I caught a red snapper inshore today fishing from the shore at pcola Naval Air Station. Is that normal? I thought snapper was an exclusivly off shore fish.


----------



## Deep South (Oct 8, 2007)

Pensacola is the only place that it is normal for Lots of big snapper come from the bay.


----------



## 24ft fishmaster (Apr 26, 2012)

It is normal for pensacola bay there are alot of redsnapper in our bay.


----------



## cody&ryand (Oct 3, 2007)

Very normal in our area as deep as the water is around the pass and some channels


----------



## NAS (Jan 1, 2015)

It was awesome to see my boys face when he got it to the surface. I put up a fight.


----------



## Ginzu (Nov 16, 2011)

I hooked this beast fishing for sheepshead in the pass last week. We've even caught legal snapped at 3 mile.


----------



## karma (Oct 26, 2007)

I have caught some BIG snappers in our bay.. I would say the biggest one way close to 26" or so.. maybe bigger.. rarely measure the inshore snappers.. just glad to see one over 16" haha

I feel like the bay snapper are growing in numbers too over the past decade of so much regulation.. I know of a few spots on the Navy Base where they open it to fishing sometimes.. I can assure you I could horse up a legal grouper and snapper pretty damn easily..


----------



## Jgatorman (Jun 8, 2013)

Ginzu said:


> I hooked this beast fishing for sheepshead in the pass last week. We've even caught legal snapped at 3 mile.

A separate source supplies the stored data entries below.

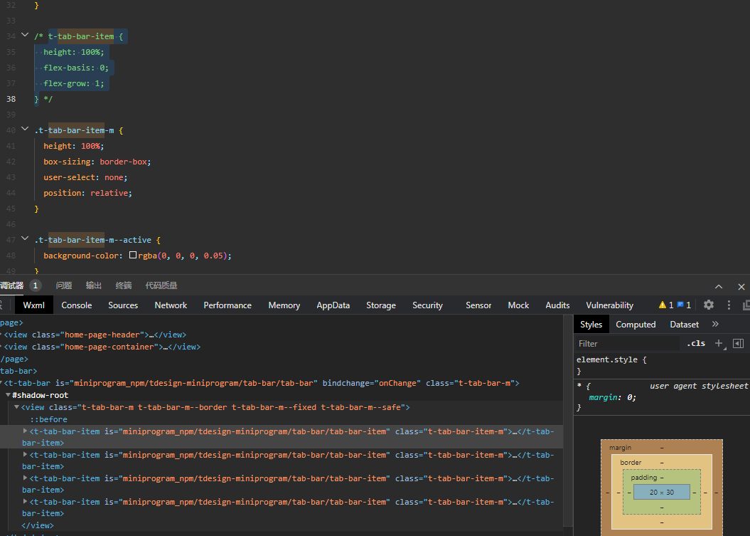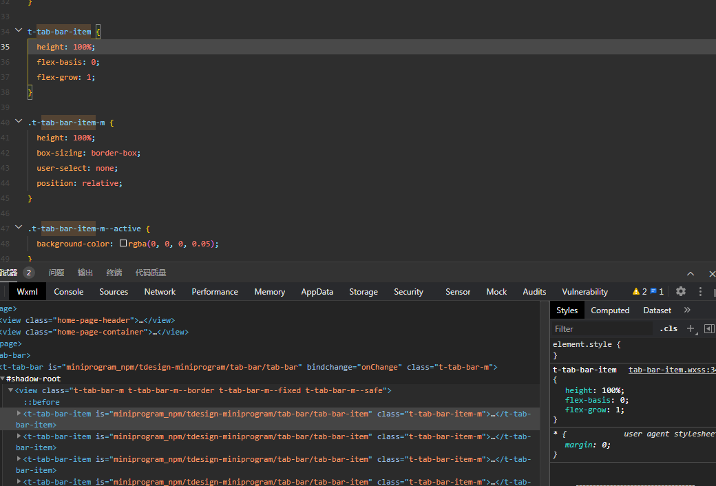 下图是指定t-tab-bar-item标记(tag)时截图: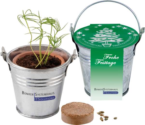 Das kleine Zinkeimerchen enthält ein Tontöpfchen, Erdtablette und Samen (Fichte) zur Anzucht der Pflanze. Der Werbeeindruck ab 250 Stück ist auf dem Standardmotiv der Banderole möglich. Eine eigene Gestaltung der Banderole ist bereits ab 250 Stück möglich.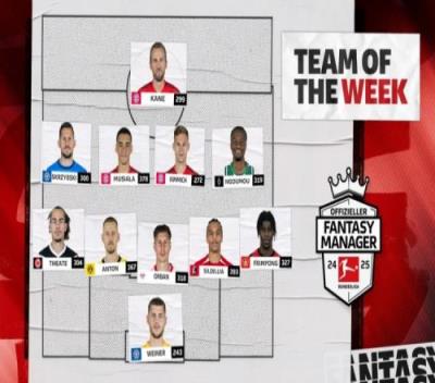后卫:泰特(法兰克福)、安东(多特)、奥尔班(莱比锡)、西迪利亚(弗赖堡)、弗林蓬(勒沃库森)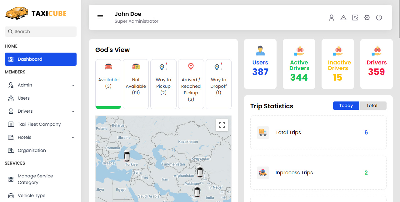 - Taxi App Administrator Panel Visuals of the Taxi App Admin Panel

Do you guys ever come off of the water??? Seriously Ginzu, how do you do it? Sooooo Envious!


----------



## Jaw Jacker (Jul 29, 2009)

Ginzu said:


> I hooked this beast fishing for sheepshead in the pass last week. We've even caught legal snapped at 3 mile.

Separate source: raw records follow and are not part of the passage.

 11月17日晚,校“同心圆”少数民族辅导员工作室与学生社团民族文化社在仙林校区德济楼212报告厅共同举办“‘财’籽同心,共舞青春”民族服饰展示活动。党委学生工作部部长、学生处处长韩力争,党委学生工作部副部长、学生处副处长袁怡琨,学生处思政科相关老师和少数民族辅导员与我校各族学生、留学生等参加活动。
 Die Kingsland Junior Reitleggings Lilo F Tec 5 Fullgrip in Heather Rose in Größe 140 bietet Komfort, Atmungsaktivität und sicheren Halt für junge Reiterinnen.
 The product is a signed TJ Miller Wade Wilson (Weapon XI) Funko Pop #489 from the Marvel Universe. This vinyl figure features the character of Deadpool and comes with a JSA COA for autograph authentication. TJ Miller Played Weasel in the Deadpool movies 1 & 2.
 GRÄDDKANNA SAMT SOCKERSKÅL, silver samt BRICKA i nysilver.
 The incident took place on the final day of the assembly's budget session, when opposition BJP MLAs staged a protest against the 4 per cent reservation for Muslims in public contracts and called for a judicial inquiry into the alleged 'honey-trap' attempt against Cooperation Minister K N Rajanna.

 That is not a Red Snapper. They are extended. You have caught a Sheep Head with a sun burn. :thumbsup:


----------



## J0nesi (Jun 22, 2011)

seen some good size snappers at ft pickens pier.


----------



## Lyin Too (Aug 31, 2009)

Lots of red snapper inshore in the northern gulf, not just pensacola bay.


----------



## Hotrod043 (Jul 24, 2011)

There is a lot of Red Snapper in the Bay.


----------



## Nitzey (Oct 9, 2007)

The one time I went to the Virgin Islands, there were lots of red snapper in the bays, shallow water.


----------



## PusherManB2 (Apr 11, 2015)

Yep no snapper in the bay! Better keep going to the public numbers if you want ARS.


----------



## ltmguy (Jan 2, 2009)

PusherManB2 said:


> Yep no snapper in the bay! Better keep going to the public numbers if you want ARS.


Lol… Agreed…


----------